In the present example, water-repellent agent solution D or a water-repellent agent solution E was employed as the water-repellent agent solution. Water-repellent agent solution D used in Example 1 was also used here. In order to mainly achieve improvement in water-repellency of the organic film, water-repellent agent solution E was prepared by using the solvent dissolving the resist. As the water-repellent agent, decyltrimethoxysilane (KBM3103C manufactured by Shin-Etsu Chemical Co., Ltd.), KBM7103, or the mixture of KBM3103C and KBM7103 (mixing ratio 1:1) was used. As the water-repellent agent having adhesion-strengthening effect, KBM 303 mixed at a mixing ratio of 3:1 with respect to the total mass of the water-repellent agent above was prepared. Each water-repellent agent was dissolved in PGMEA, to prepare a dilute solution at a concentration of 3.0 mass %. In order to avoid hydrolysis of the water-repellent agent, the solvent to be used was dehydrated through distillation, use of an absorbent, or use of a moisture-removing filter, to such an extent that moisture was not higher than 50 ppm.

In the present example, in accordance with the process flow in FIG. 11A, the wafer having the structure shown in FIG. 11B was manufactured.
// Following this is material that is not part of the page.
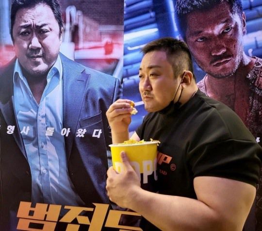마동석, 더 두꺼워진 팔뚝에 반전 러블리 미소 "팝콘 라지사이즈 맞죠?"

Initially, after processed film 2 was formed on substrate 1, coating-type organic anti-reflection film 4 was formed to a thickness from 40 nm to 80 nm. The solvent was sufficiently volatilized through heating and curing treatment at 200° C. to 250° C. for approximately 1 to 1.5 minute, and polymers were cross-linked as a result of reaction at a heat reaction active site. Thereafter, spin-coating with an ArF chemically-amplified positive resist of methacrylates (film thickness from 100 nm to 200 nm) was performed, to form photosensitive resist layer 6. In forming the water-repellent layer, using the coating cup shown in FIG. 5, the water-repellent agent solution was applied in such a manner that, while the wafer was turned at 1000 rpm, the nozzle was stopped at a position 0.5 mm away from the wafer edge, and the water-repellent agent solution was injected from the edge rinse nozzle onto the top surface of the wafer and from the back rinse nozzle onto the bottom surface. In addition, edge cut and water-repellent reaction were allowed to proceed simultaneously. Thereafter, bake treatment at 120° C. was performed for 60 seconds, to form the resist film.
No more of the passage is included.